WORK REQUEST
Starting at the line below that contains "又名圓裁分條機,它適合于大面" and ending at the line that contains "All might, boku", retype each line exactly as it stands, but omit the pictures.

WORKING DATA
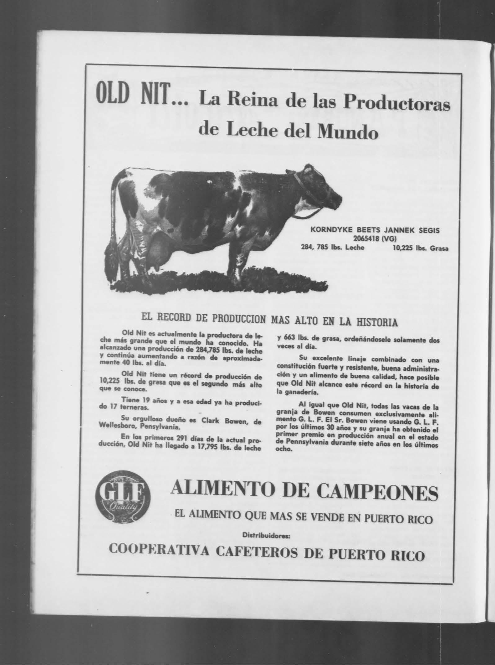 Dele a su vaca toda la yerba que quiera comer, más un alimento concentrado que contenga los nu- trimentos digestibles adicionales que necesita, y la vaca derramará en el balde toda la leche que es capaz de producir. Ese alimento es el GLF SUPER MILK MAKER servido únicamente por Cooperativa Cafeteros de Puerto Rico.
...
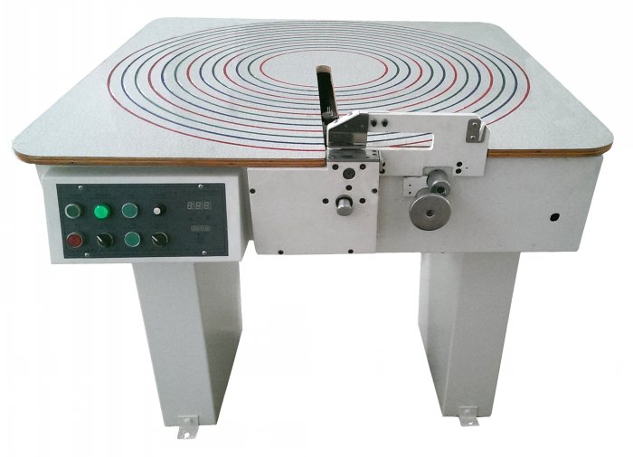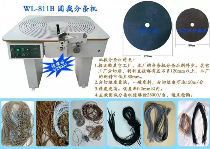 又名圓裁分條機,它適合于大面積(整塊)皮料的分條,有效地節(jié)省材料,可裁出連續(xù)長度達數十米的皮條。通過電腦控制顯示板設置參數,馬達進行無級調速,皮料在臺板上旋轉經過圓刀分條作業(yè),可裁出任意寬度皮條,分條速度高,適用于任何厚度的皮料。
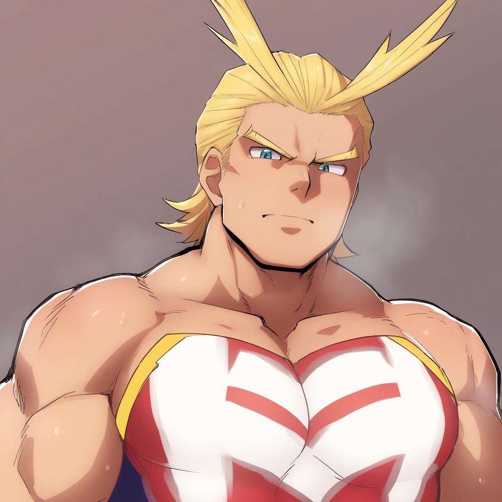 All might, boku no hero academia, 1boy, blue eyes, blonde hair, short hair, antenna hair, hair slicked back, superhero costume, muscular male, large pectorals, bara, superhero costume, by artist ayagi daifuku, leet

FINAL ANSWER
 又名圓裁分條機,它適合于大面積(整塊)皮料的分條,有效地節(jié)省材料,可裁出連續(xù)長度達數十米的皮條。通過電腦控制顯示板設置參數,馬達進行無級調速,皮料在臺板上旋轉經過圓刀分條作業(yè),可裁出任意寬度皮條,分條速度高,適用于任何厚度的皮料。
 All might, boku no hero academia, 1boy, blue eyes, blonde hair, short hair, antenna hair, hair slicked back, superhero costume, muscular male, large pectorals, bara, superhero costume, by artist ayagi daifuku, leet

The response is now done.